Latest revision as of 12:30, 28 May 2023

Problem

How many subsets of $\{2,3,4,5,6,7,8,9\}$ contain at least one prime number?

$\textbf{(A)} \text{ 128} \qquad \textbf{(B)} \text{ 192} \qquad \textbf{(C)} \text{ 224} \qquad \textbf{(D)} \text{ 240} \qquad \textbf{(E)} \text{ 256}$

Solution 1 - Complementary Counting

We use complementary counting, or

$\text{total - what we don't want = what we want}$.

There are a total of $2^8$ ways to create subsets (consider including or excluding each number) and there are a total of $2^4$ subsets only containing composite numbers (the composite numbers are $4, 6, 8, 9$). Therefore, there are $2^8-2^4=240$ total ways to have at least one prime in a subset.

Solution 2 (Using Answer Choices)

Well, there are 4 composite numbers, and you can list them in a 1 number format, a 2 number, 3 number, and a 4 number format.

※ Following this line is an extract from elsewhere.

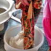 The last step is whisking the drained yogurt until it is smooth and happy. It only takes a minute, but makes your end product look really much like the Fage or Oikos that you buy at the grocery store. This gives me 2 quarts of yogurt from a gallon of milk at 2 dollars a gallon. Those little 6 ounce pots cost a dollar on sale. You do the math. 🙂

Now, we can use combinations.

$\binom{4}{1} + \binom{4}{2} + \binom{4}{3} + \binom{4}{4} = 15$. Using the answer choices, the only multiple of 15 is $\boxed{\textbf{(D) }240}$

By: K6511

Solution 3

Subsets of $\{2,3,4,5,6,7,8,9\}$ include a single digit up to all eight numbers. Therefore, we must add the combinations of all possible subsets and subtract from each of the subsets formed by the composite numbers.

Hence:

$\binom{8}{1} - \binom{4}{1} + \binom{8}{2} - \binom{4}{2} + \binom{8}{3} - \binom{4}{3} + \binom{8}{4} - 1 + \binom{8}{5} + \binom{8}{6} + \binom{8}{7} + 1 = \boxed{\textbf{(D) }240}$

By: pradyrajasai


Solution 4

Total subsets is $(2^8) = 256$ Using complementary counting and finding the sets with composite numbers: only 4,6,8 and 9 are composite. Each one can be either in the set or out: $2^4$ = 16 $256-16=240$ $\boxed{\textbf{(D) }240}$

-goldenn

Solution 5

We multiply the number of possibilities of the set having prime numbers and the set having composites.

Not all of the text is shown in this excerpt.